Somente nos anos 1990, em um simpósio com a participação de Teun van Dijk, Norman Fairclough, Gunter Kress, Theo van Leeuwen e Ruth Wodak, é que a ADC irá tornar-se uma disciplina propriamente dita, tendo Fairclough como o representante dos estudos em ADC devido à sua Teoria Social do Discurso, mas não se limitando a esse pesquisador (RESENDE E RAMALHO, 2009, p.21). Os estudiosos dessa época esforçaram-se por criar um método de estudo do discurso para explicar por que cientistas sociais e da mídia precisavam dos linguistas (MAGALHÃES, 2005, p.3).

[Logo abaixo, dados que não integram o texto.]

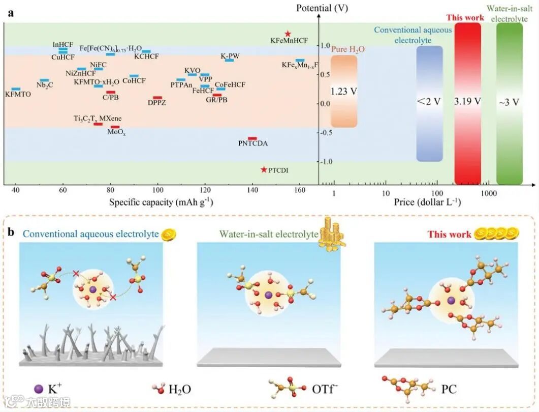 高安全性钾离子电池(HPIBs)因其绿色能源、低成本、高电压、不燃和组装简单而非常有趣。然而,大多数高压HPIBs使用盐包水电解质(WISE),这会导致高粘度等问题,显著降低了HPIBs的性能并增加了成本,从而阻碍了其发展。即使如此,关于HPIBs电解质的研究仍然有限,进一步限制了HPIB的发展。在此,华中科技大学高义华教授&安徽大学岳阳副教授团队开发了一种助溶剂工程电解质(4.0 M KOTf在碳酸丙烯酯(PC)和H2O的体积比为 5.0:1.0),该电解质具有低成本(WISE的1/4)和高性能(45.43 mS cm−1)的特性,不仅通过降低H2O的活性实现了较宽的电化学稳定性窗口,还调节了K+的溶剂化结构。因此,通过助溶剂工程电解质组装的HPIBs表现出88.05 Wh kg−1的高能量密度,并以0.50~10.0 A g−1的速率在很宽的温度范围内(−25~50 ℃)充分运行。该研究为开发高压HPIBs提供了一种有前途的手段。
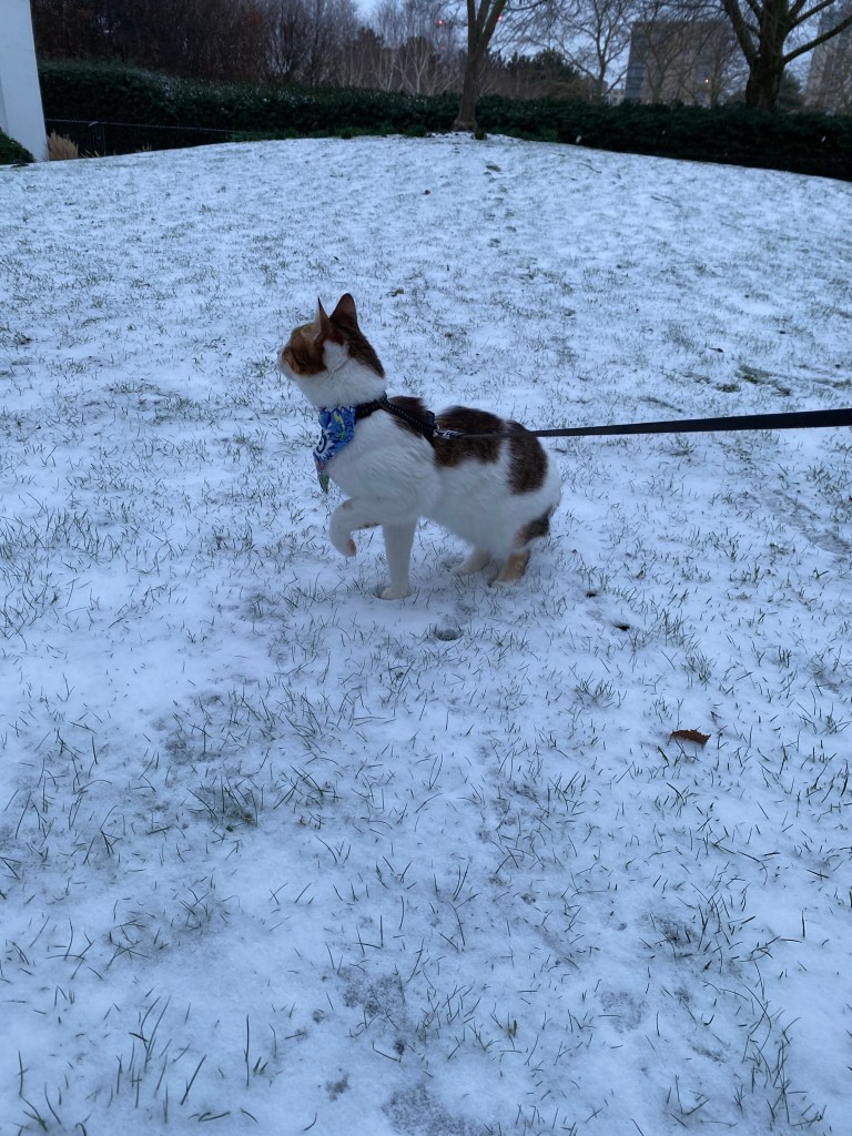As I start to explore the snow is cold on my feet so I stop for a very short while and lift one paw up to keep it from getting colder. Then my nerves start to calm down and my inner adventure cat starts to take over and off I go running around, a quick sprint across the garden and hey this isn’t so bad.
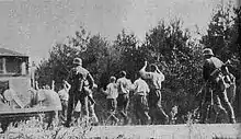 During the invasion of Poland, the Wehrmacht committed a number of war crimes, including several prisoner-of-war massacres, of which Ciepielów became the most widely known. Reasons suggested by some historians for the massacres include contempt for Poles and Polish soldiers, encouraged by Nazi propaganda, which described them as German-hating Untermenschen, and lack of preparation, resources, and will to secure surrendered Polish soldiers. However, many other western historians point to plans formulated by the German General Staff, prior to the invasion, which authorized the SS to carry out security tasks on behalf of the army that included the imprisonment or execution of Polish citizens, whether Jewish or gentile.[7] On 19 September, shortly after the onset of hostilities, Franz Halder, Chief of the German General Staff, noted in his diary that he had received information from Reinhard Heydrich. The SS were beginning their campaign to "clean house" in Poland of Jews, intelligentsia, Catholic clergy, and the aristocracy. Halder was aware of the murders but did not object.[8] He dismissed the crimes as aberrations and refused one general's request to pursue the SS and police perpetrators.[9] Further, German officers often treated Polish soldiers of disorganized units captured behind German lines as partisans, not as regular soldiers, and felt justified in ordering their summary execution. This led to several dozen executions of groups of Polish soldiers, in addition to a hard-to-estimate number of murders of individual soldiers.[1]
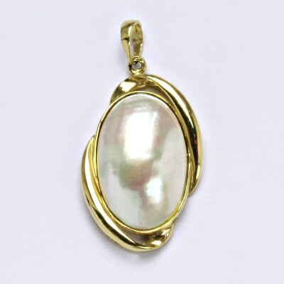 Zlatý přívěšek s přírodní mořskou půlperlou Akoya. Velikost půlperly je 16,5 mm. Délka přívěšku včetně ouška je 28 mm. Materiál je žluté zlato 14 karátů 585/1000.
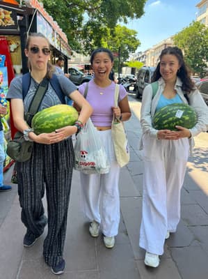 "To celebrate the 4th of July, our cohort threw a party and invited our language partners to celebrate Independence Day together. Emma, Elizabeth, and I bought watermelons, a staple food of the 4th of July, and carried them from the grocery store to campus for the party."
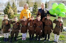 Нашим воспитанникам группы "Витаминки" в сопровождении воспитателя Сайфутдиновой Н.Г. на городском параде выдалась большая честь в день Победы Великой и Отечественной войне возглавить колонну работников образования. /Безнең бакчада тәрбияләнүче "Витаминки" төркеме, тәрбияче Сайфутдинова Н.Г. һәм мәгариф хезмәткәрләре белән берлектә Бөек Җиңү хөрмәтенә багышланган шәһәр парады колоннасында катнаштылар.
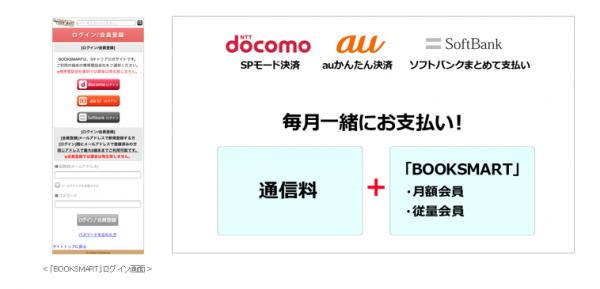 今般3キャリアの決済サービスに対応したことで、クレジットカードを持っていない方やクレジットカード情報の登録に不安を感じる方にも、ID・パスワード入力による電子書籍購入が可能となり、より多くのユーザーに一層便利に「BOOKSMART」を ご利用いただけるようになります。
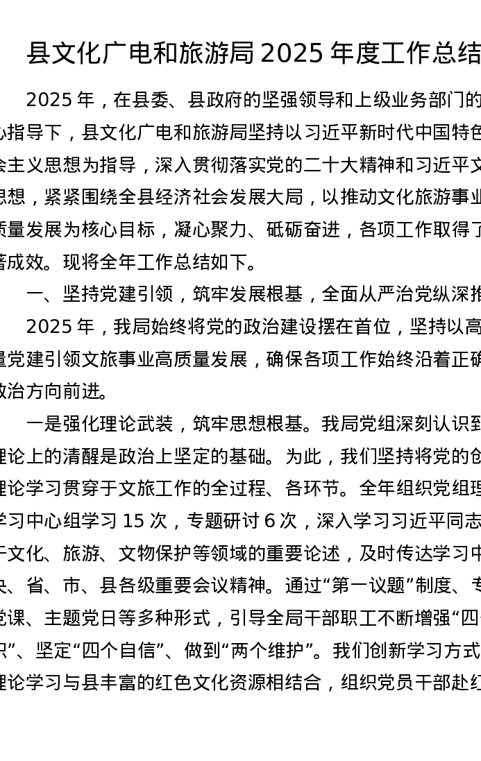 县文化广电和旅游局2025年度工作总结
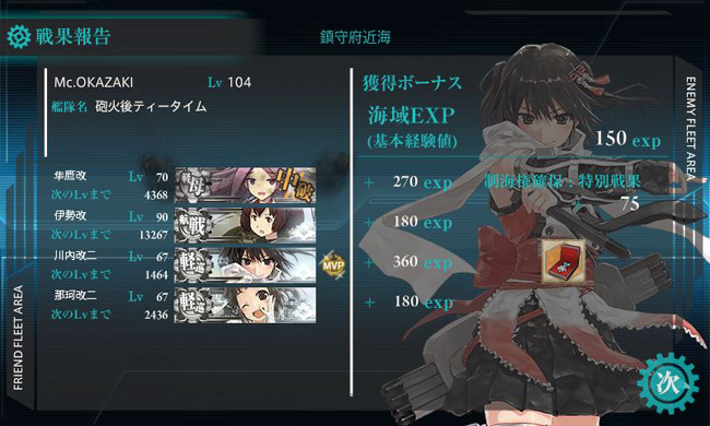 さて今月のEO海域、まずは1-5。春イベに向けて川内級の底上げを兼ねての攻略を行っています。隼鷹もとっとと改二(Lv.80)にしたい所です。

Além da Linguística Crítica, as influências da ADC são os estudos de Mikhail Bakhtin e de Michel Foucault, que vincularam discurso e poder. Bakhtin foi o fundador da primeira teoria de semiótica de ideologia, da noção de “dialogismo” na linguagem e crítico do objetivismo abstrato de Saussure (RESENDE E RAMALHO, 2009, p.14). Ele atribuiu à linguagem o caráter social e ideológico: “a palavra está sempre carregada de um conteúdo

ou de um sentido ideológico ou vivencial. É assim que compreendemos as palavras e

somente reagimos àquelas que despertam em nós ressonâncias ideológicas ou concernentes à vida” (BAKHTIN, 1981, p.70, grifo no original).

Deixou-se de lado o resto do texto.